Personal information
- Born: January 20, 2008 (age 18)
- Home town: Tempe, Arizona, U.S.

Sport
- Country: United States
- Sport: Street skateboarding
- Rank: 10th

Medal record
Street skateboarding
Representing United States
Pan American Games
| Bronze medal – third place | 2023 Santiago | Street |

= Paige Heyn =

American skateboarder (born 2008)

Paige Heyn (/ˈhaɪn/ HYNE; born January 20, 2008) is an American skateboarder, who won the 2022 USA Skateboarding National title and who competed at the 2024 Summer Olympics.

== Biography ==
Heyn was born January 20, 2008. Her hometown is Tempe, Arizona.

== Skateboarding ==
Heyn started skateboarding at four years old. She trained at Kids That Rip (KTR), an indoor action sports center owned by the family of Olympic medalist Jagger Eaton.

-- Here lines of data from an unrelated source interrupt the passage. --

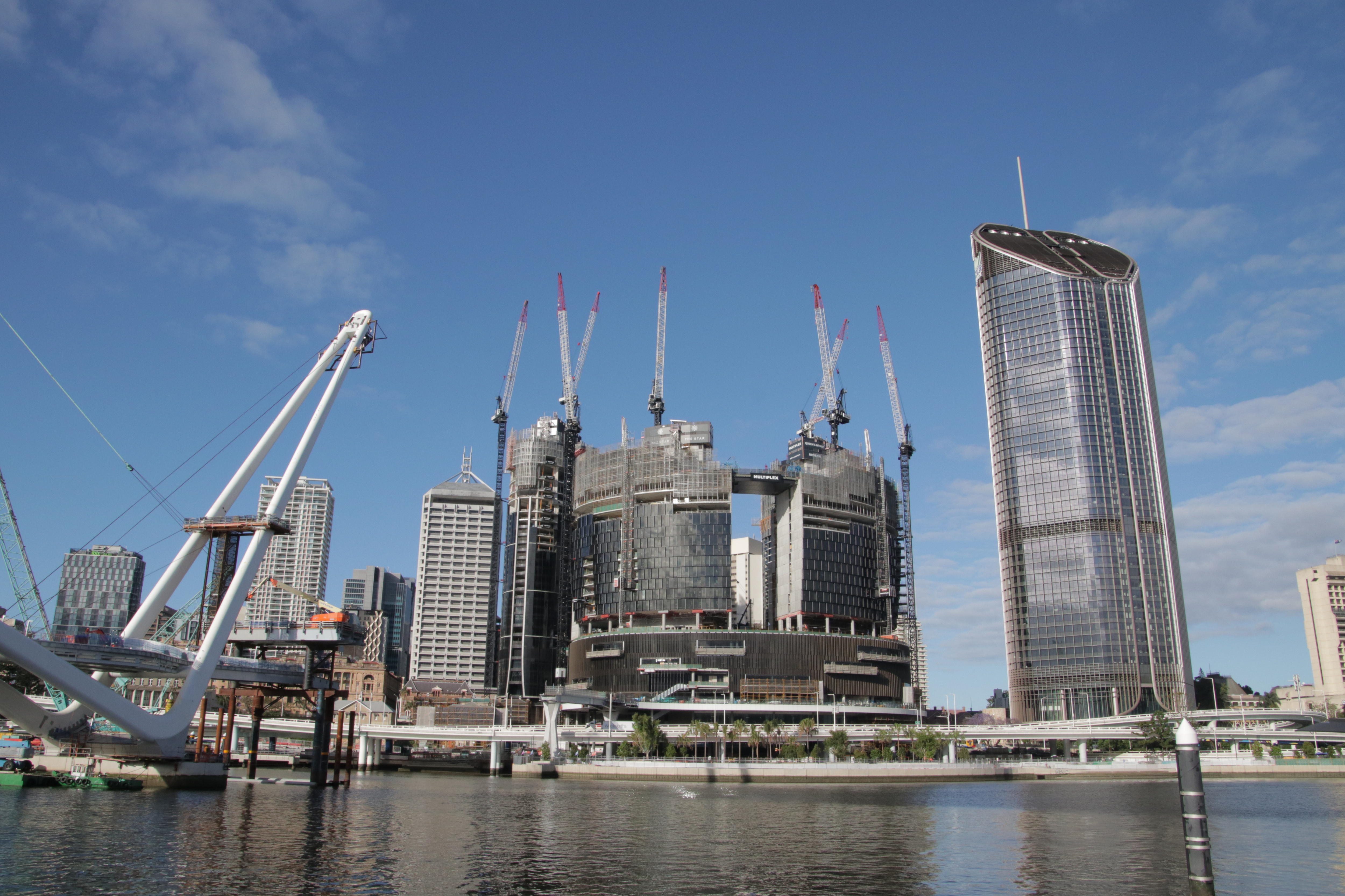 The development's sky deck, which will sit 100 metres above the Brisbane River, will likely be craned in to place next month.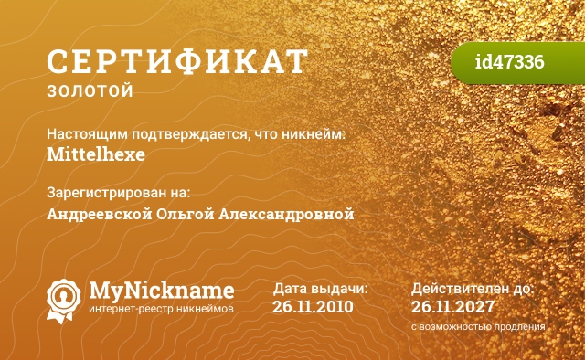 Nickname Mittelhexe is registered to Andreevskaya Olga Alexandrovna. Issued certificate ID47336. Issue date 26.11.2010.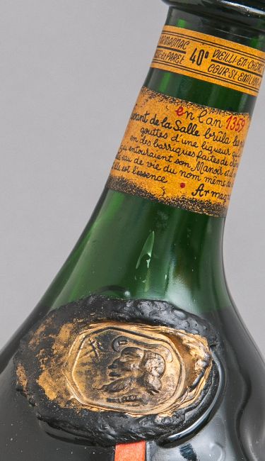 Glaswachs-Schulterknopf, 1500 ml, Vol. 40.0%, Flasche mit geneigtem Hals, Gr. ca. H: 30,5 cm.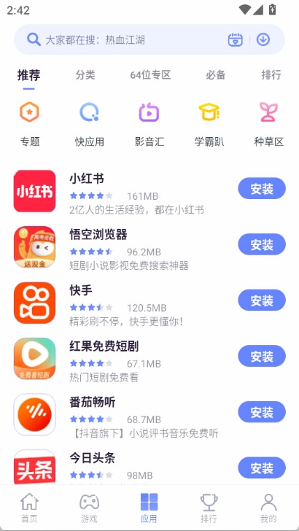热门应用推荐:为您实时推送当前最火的应用,还设有丰富多彩的特色专题,助力您发掘更多好玩又实用的应用。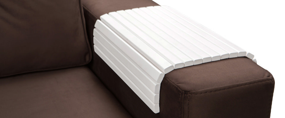 Дерев'яна накладка, стіл, килимок на підлокітник дивана.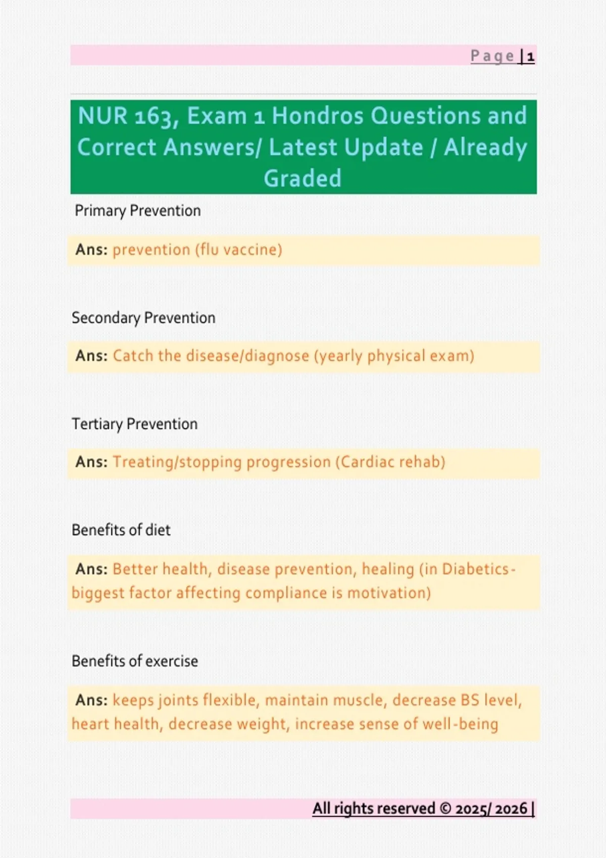 Ans: Catch the disease/diagnose (yearly physical ex am)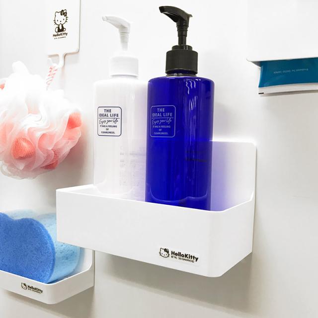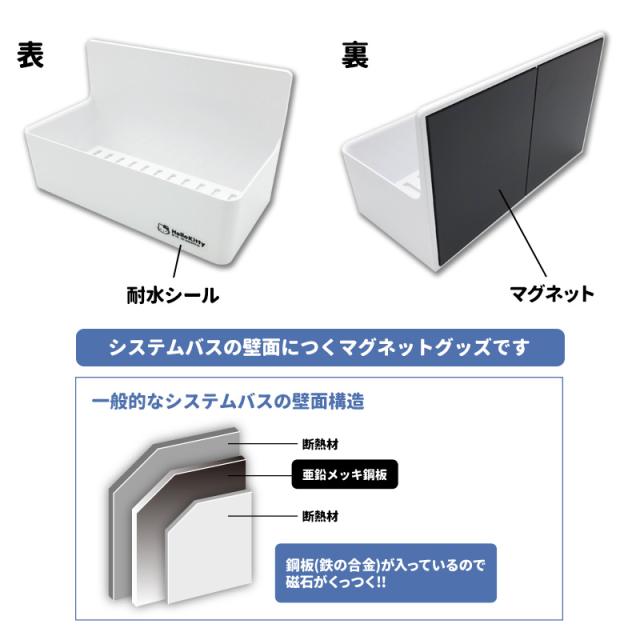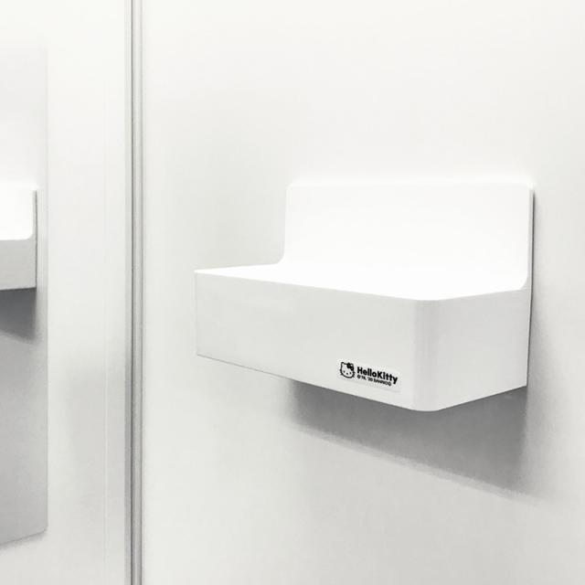 シンプルなハローキティのワンポイントがカワイイ!お風呂の壁面や冷蔵庫など、磁石のつく面に使えるマグネットバスポケットです。シャンプーなどのボトル置きに便利です。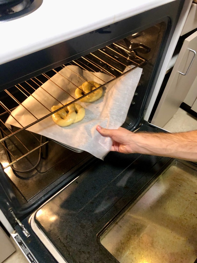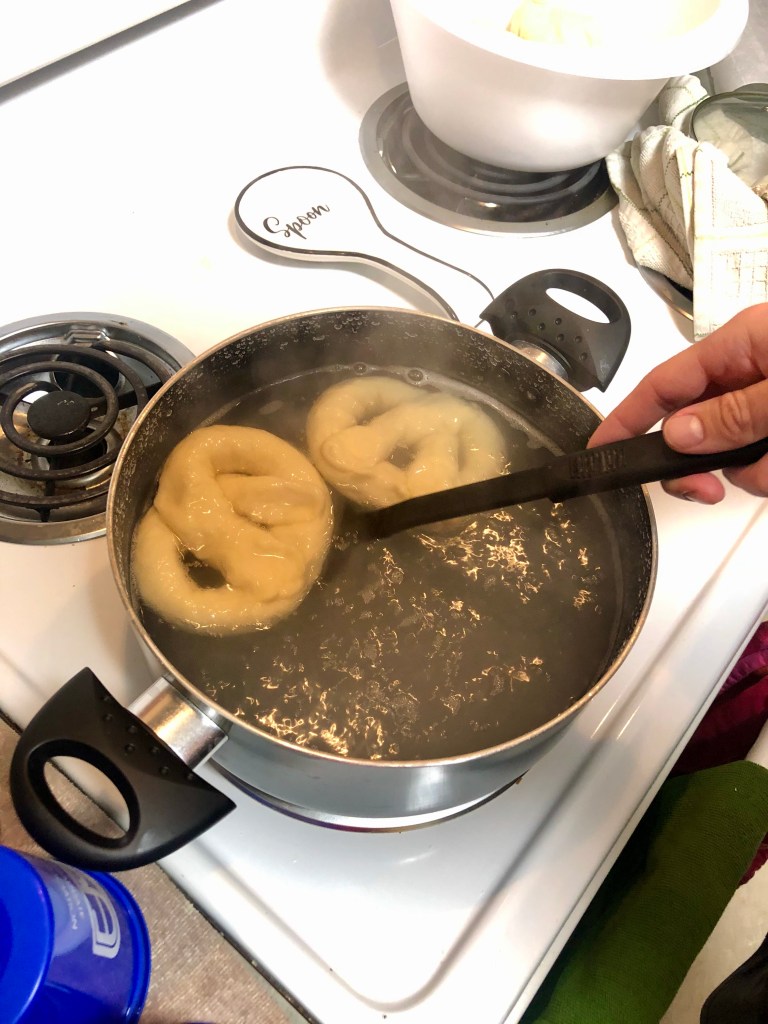 - Place the pretzels into the boiling water, 1 by 1, for 30 seconds. Remove them from the water using a large flat spatula. At this point, you can freeze pretzels to eat at another time, just let thaw for 20 minutes before proceeding to step 6.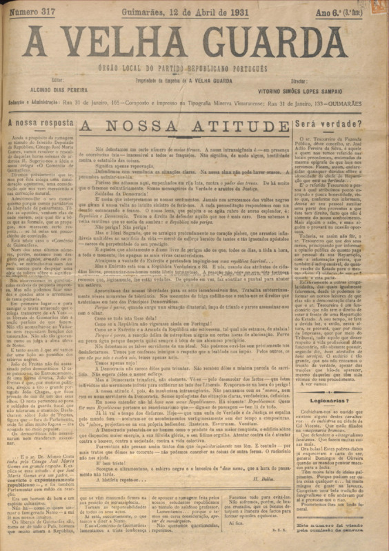 Velha Guarda (A), n.º 317, de 12/04/1931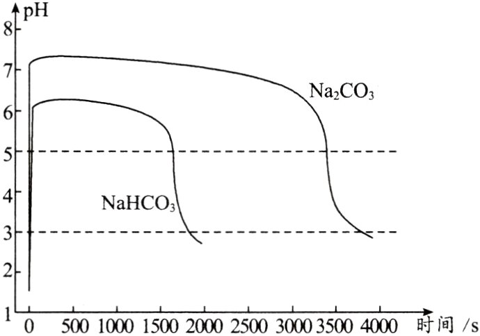 将上述实验中Na₂CO₃换成NaHCO₃,重复实验过程。所得两条曲线如下图所示。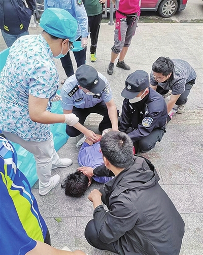 热心人将小伙按倒后,民警和医护人员先后赶到。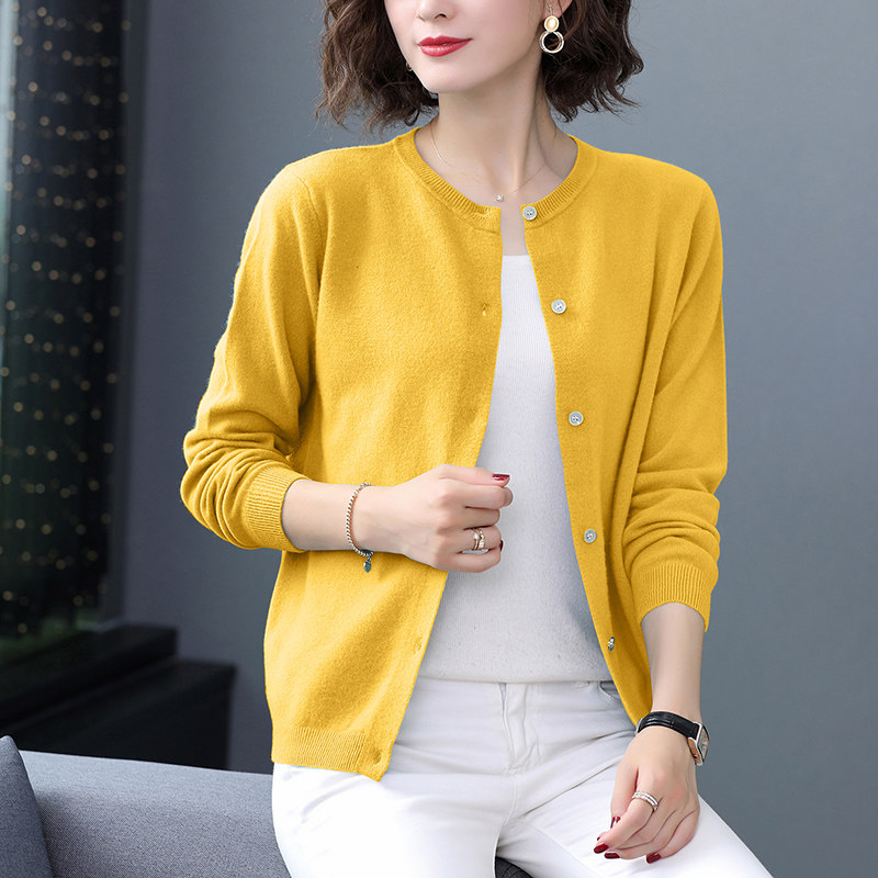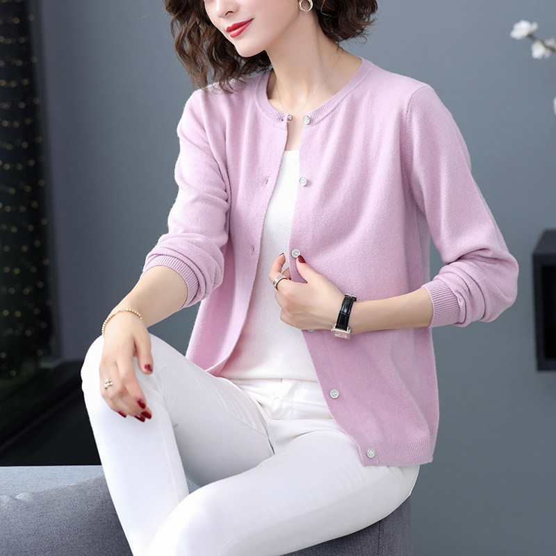 Knitted cardigan coat women's 2022 new loose outerwear sweater autumn top 100 pure wool sweater women's short style

Heyn finished 5th in the Quarterfinal Results at the 2022 World Skateboarding Championships in Sharjah. In December 2022, Paige Heyn came in first place at the USA Skateboarding National Championships.

In March 2023, she finished second-place at the Cowtown's PHXAM in Phoenix, Arizona. In December 2023, Heyn participated in the WST Street World Championships in Japan, where she scored a 31.17 in the Women's Open Qualifier and a 46.51 in the Women's quarter-final.

In 2024, Heyn finished 5th in Women's Skateboard Street at the X Games in Ventura, California. She also represented the United States as a member of the USA Skateboarding National Team at the 2024 Summer Olympics, where she competed in the women's street skating and came in 6th place with 163.23 points.